*Work to be completed*: Instruction for the entries that follow: retype exactly the lines from the line with "10.5 in) | [12] | ||||" to the line with "Red ajrakh fabric", both included, and omit all others.

Record excerpts below:

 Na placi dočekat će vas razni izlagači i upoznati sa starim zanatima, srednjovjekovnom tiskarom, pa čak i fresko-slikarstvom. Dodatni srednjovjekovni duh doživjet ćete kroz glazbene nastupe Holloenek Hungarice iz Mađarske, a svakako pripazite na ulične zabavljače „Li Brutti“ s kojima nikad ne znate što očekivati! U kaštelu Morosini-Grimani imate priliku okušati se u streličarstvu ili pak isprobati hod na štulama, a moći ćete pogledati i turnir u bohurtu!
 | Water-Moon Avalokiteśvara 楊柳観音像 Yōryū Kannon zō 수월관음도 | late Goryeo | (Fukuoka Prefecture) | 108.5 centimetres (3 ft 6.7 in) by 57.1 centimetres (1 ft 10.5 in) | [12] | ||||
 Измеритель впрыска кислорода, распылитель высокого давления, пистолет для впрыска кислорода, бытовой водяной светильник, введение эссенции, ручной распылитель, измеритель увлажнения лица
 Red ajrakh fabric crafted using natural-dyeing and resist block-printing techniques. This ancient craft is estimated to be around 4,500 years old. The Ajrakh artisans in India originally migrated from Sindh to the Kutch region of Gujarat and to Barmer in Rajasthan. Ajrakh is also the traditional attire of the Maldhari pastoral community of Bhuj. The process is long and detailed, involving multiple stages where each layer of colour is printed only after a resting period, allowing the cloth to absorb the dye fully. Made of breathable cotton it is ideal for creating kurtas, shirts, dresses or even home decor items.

End of Record excerpts.
Record excerpts below:

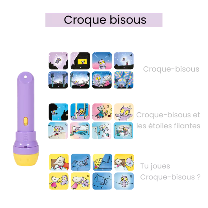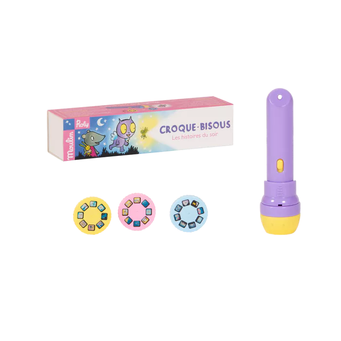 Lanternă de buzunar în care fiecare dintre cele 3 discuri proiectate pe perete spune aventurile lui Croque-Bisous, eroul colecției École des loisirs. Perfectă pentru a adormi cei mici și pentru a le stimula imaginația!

End of Record excerpts.
Record excerpts below:

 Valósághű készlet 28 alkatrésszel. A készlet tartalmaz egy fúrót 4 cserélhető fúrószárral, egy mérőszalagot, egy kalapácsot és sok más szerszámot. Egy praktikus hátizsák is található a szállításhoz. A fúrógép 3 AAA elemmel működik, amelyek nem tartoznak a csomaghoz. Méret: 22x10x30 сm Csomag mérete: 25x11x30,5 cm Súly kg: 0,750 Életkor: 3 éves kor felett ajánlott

End of Record excerpts.

*Task result*:
 | Water-Moon Avalokiteśvara 楊柳観音像 Yōryū Kannon zō 수월관음도 | late Goryeo | (Fukuoka Prefecture) | 108.5 centimetres (3 ft 6.7 in) by 57.1 centimetres (1 ft 10.5 in) | [12] | ||||
 Измеритель впрыска кислорода, распылитель высокого давления, пистолет для впрыска кислорода, бытовой водяной светильник, введение эссенции, ручной распылитель, измеритель увлажнения лица
 Red ajrakh fabric crafted using natural-dyeing and resist block-printing techniques. This ancient craft is estimated to be around 4,500 years old. The Ajrakh artisans in India originally migrated from Sindh to the Kutch region of Gujarat and to Barmer in Rajasthan. Ajrakh is also the traditional attire of the Maldhari pastoral community of Bhuj. The process is long and detailed, involving multiple stages where each layer of colour is printed only after a resting period, allowing the cloth to absorb the dye fully. Made of breathable cotton it is ideal for creating kurtas, shirts, dresses or even home decor items.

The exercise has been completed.